=== Supplied data ===

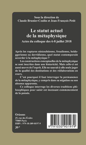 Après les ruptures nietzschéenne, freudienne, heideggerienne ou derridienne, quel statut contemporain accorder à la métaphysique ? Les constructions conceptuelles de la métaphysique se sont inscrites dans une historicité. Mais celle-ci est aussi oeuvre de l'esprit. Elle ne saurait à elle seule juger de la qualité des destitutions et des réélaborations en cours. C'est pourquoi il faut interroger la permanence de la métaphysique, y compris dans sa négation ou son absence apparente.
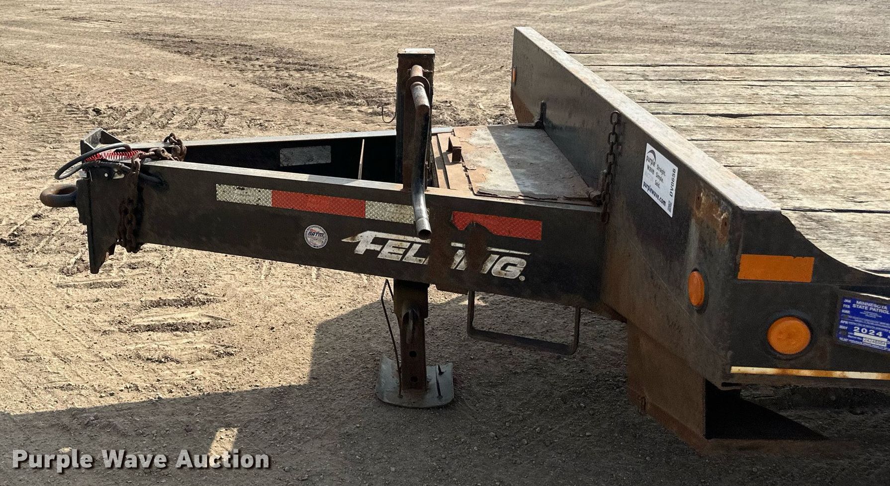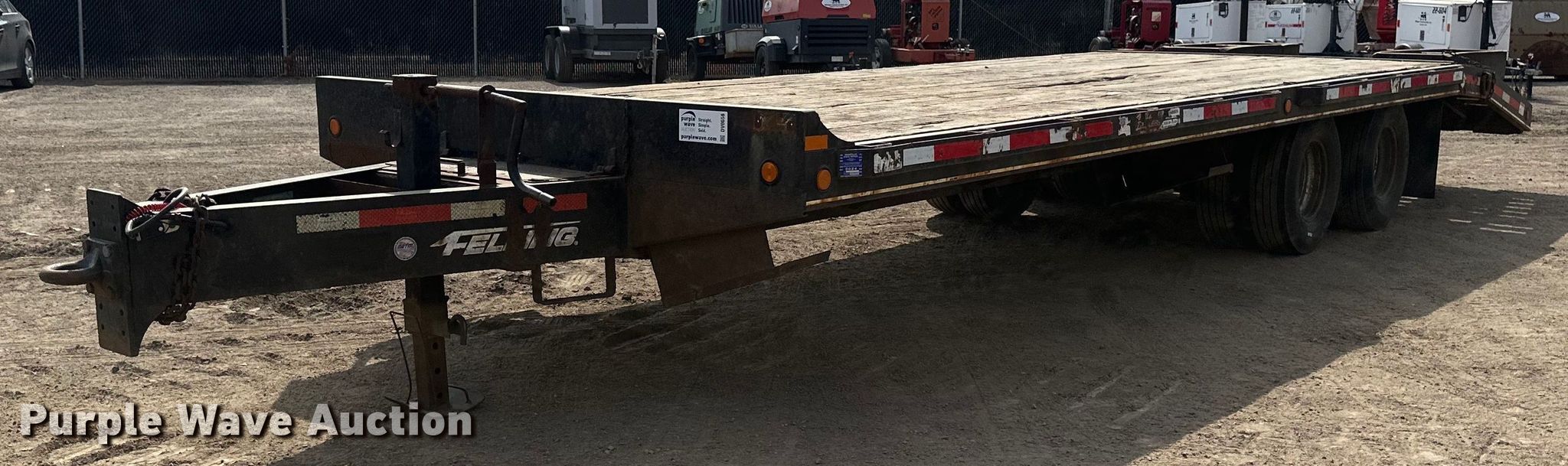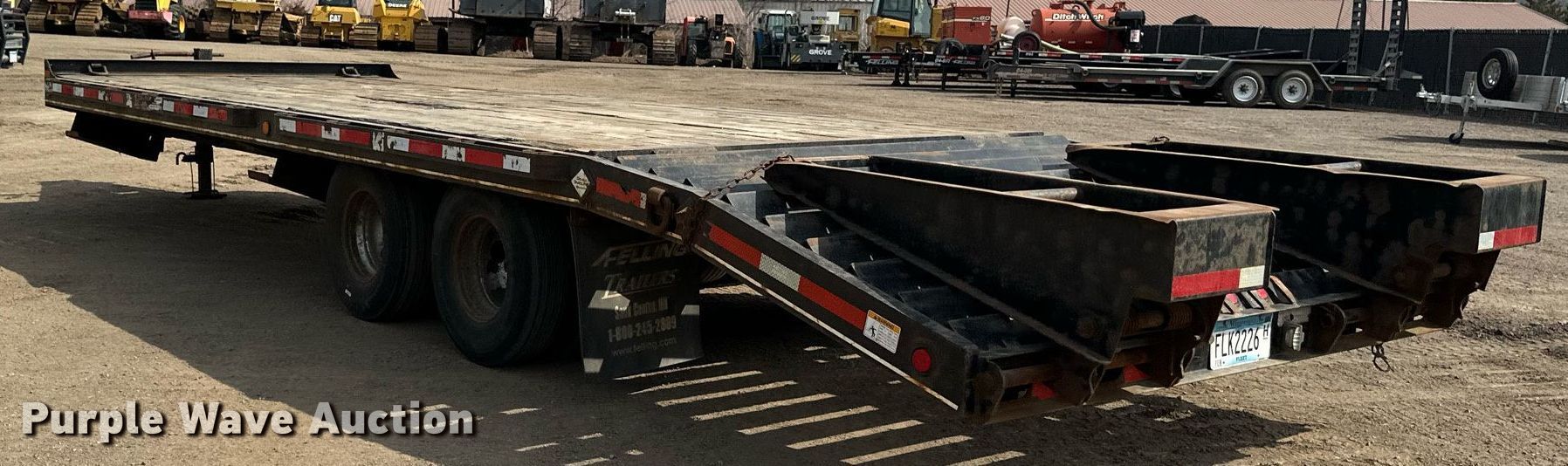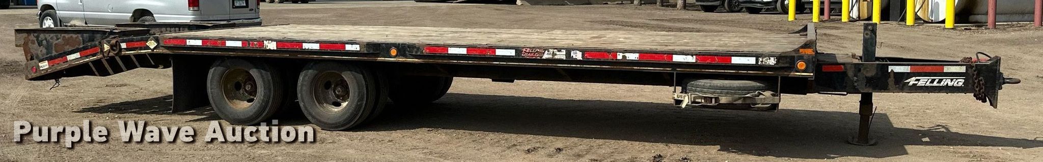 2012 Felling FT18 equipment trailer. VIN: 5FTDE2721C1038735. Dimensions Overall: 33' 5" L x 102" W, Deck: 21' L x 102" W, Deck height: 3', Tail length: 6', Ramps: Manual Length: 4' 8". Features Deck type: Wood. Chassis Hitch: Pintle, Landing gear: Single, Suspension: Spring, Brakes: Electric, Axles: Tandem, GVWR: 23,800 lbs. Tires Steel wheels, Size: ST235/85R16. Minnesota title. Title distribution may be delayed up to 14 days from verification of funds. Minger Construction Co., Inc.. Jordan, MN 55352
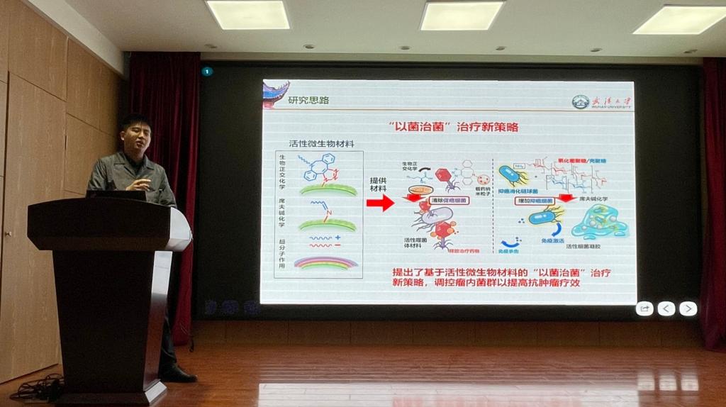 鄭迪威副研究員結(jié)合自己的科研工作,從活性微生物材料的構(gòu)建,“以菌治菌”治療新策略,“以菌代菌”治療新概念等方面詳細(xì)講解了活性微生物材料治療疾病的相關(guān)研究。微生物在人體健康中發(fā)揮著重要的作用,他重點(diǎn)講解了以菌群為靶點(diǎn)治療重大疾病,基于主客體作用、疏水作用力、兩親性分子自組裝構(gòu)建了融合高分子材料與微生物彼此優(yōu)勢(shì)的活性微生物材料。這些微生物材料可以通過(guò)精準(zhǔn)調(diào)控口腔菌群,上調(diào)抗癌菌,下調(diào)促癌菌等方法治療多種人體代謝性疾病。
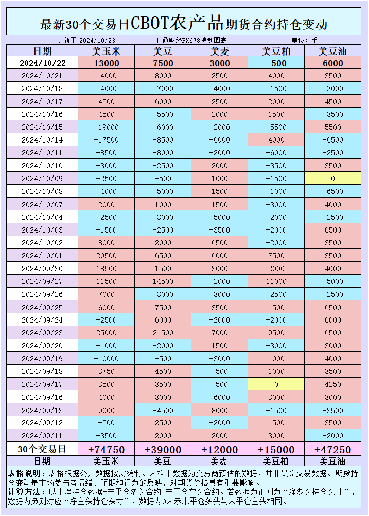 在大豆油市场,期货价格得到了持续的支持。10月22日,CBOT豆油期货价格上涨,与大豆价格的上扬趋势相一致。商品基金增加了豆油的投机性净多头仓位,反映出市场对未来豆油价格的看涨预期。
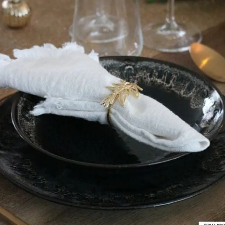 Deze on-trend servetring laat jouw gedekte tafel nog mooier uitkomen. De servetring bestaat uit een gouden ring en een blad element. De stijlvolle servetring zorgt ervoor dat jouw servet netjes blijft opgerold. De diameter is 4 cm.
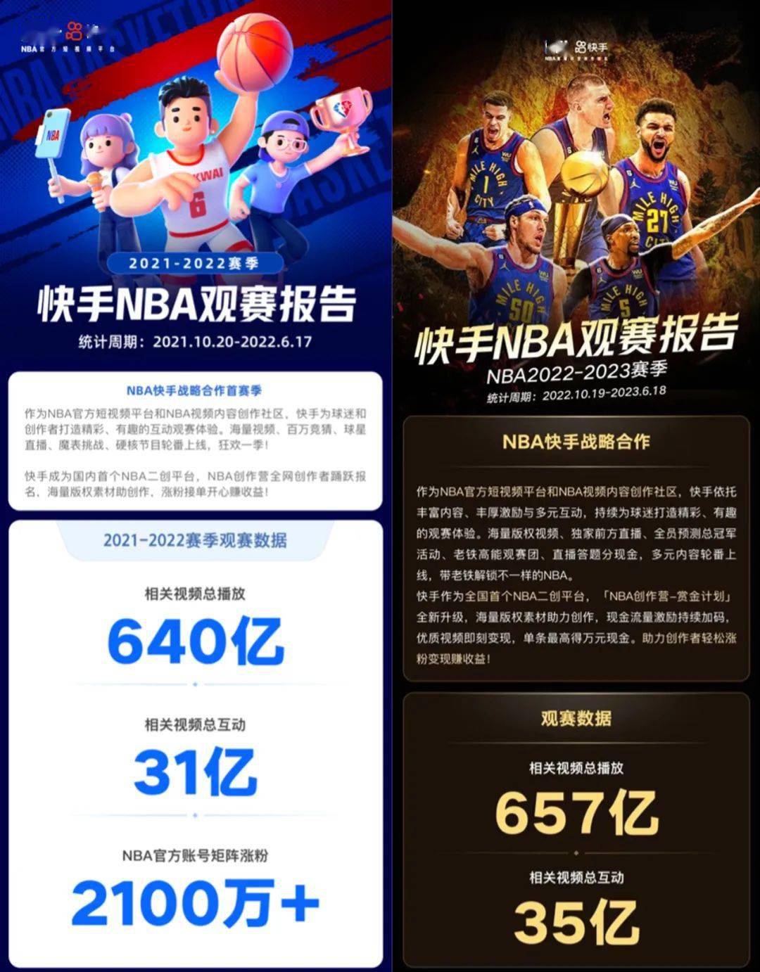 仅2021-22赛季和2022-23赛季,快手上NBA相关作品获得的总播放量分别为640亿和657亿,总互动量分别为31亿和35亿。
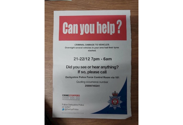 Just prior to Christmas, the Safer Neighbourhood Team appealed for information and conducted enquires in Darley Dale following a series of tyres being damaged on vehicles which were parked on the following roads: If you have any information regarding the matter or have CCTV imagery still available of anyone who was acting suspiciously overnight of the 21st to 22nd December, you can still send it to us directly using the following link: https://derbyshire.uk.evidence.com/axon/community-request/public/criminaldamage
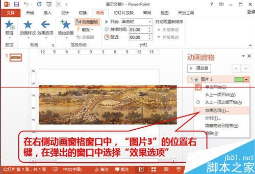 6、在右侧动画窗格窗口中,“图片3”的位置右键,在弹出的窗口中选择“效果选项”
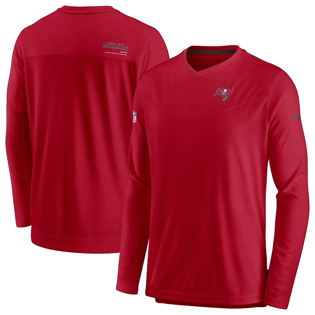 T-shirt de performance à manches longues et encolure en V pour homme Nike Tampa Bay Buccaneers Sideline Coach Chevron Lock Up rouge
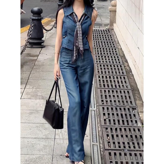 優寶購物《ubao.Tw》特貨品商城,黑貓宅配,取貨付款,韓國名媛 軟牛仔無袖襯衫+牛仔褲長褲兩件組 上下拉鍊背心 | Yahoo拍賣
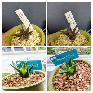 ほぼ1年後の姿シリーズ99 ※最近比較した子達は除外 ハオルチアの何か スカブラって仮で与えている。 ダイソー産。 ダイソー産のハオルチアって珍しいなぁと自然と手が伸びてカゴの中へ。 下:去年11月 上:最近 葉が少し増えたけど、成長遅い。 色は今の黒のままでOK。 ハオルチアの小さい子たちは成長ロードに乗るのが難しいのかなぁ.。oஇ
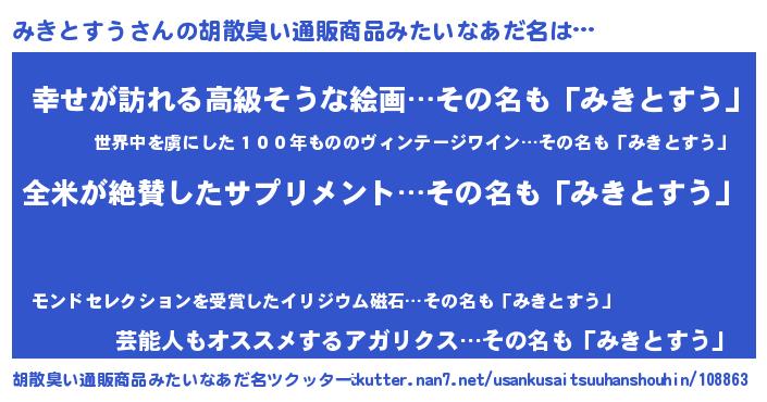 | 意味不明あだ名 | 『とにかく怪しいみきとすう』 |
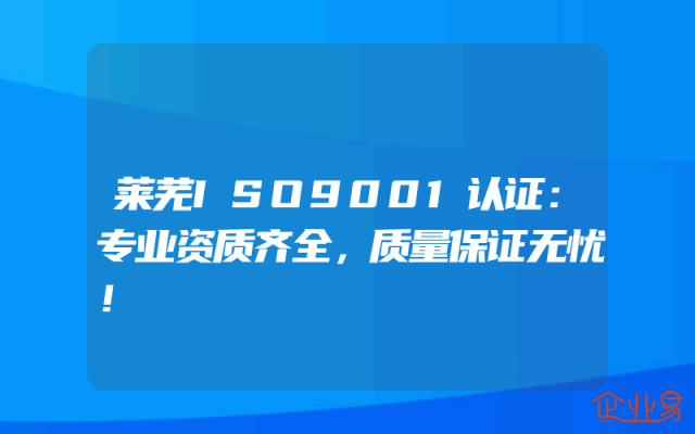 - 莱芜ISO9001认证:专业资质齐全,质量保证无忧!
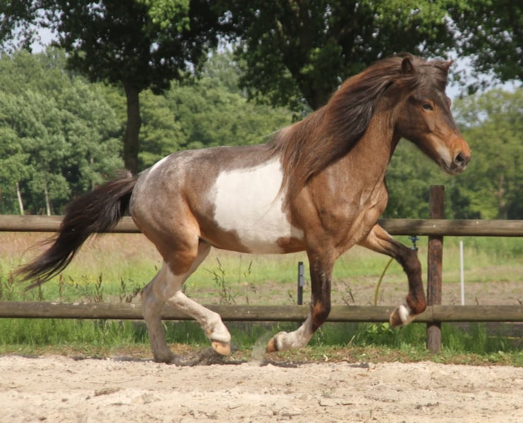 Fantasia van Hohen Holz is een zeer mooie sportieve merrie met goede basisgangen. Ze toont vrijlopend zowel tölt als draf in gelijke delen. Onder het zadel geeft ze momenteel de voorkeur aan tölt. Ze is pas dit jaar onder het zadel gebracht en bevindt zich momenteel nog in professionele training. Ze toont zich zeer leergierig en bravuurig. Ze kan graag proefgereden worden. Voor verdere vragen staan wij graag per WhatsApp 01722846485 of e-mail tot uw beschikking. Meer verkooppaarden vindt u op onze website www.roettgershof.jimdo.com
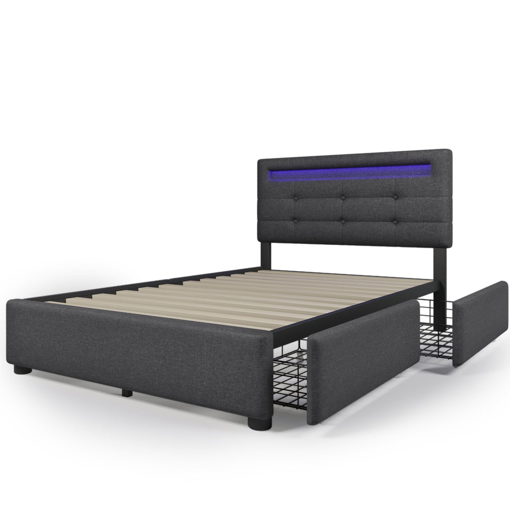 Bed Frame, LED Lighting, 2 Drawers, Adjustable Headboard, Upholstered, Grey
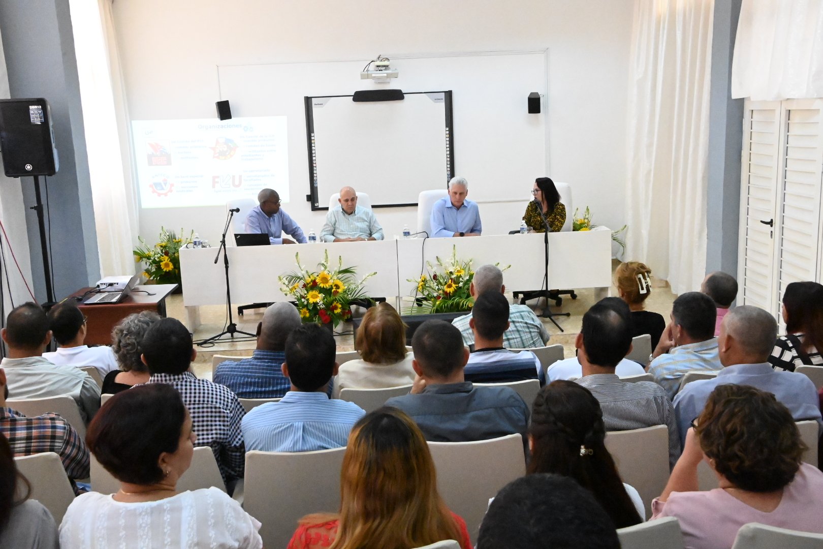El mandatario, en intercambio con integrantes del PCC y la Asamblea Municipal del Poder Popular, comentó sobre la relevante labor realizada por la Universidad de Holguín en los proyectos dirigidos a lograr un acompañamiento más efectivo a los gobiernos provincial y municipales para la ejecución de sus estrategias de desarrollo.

===

[Exercise directions]:
Copy nothing outside the span: please output the lines from the one with "Bed Frame, LED" through the end of the entries above, and skip the pictures.

[Completed task]:
 Bed Frame, LED Lighting, 2 Drawers, Adjustable Headboard, Upholstered, Grey
El mandatario, en intercambio con integrantes del PCC y la Asamblea Municipal del Poder Popular, comentó sobre la relevante labor realizada por la Universidad de Holguín en los proyectos dirigidos a lograr un acompañamiento más efectivo a los gobiernos provincial y municipales para la ejecución de sus estrategias de desarrollo.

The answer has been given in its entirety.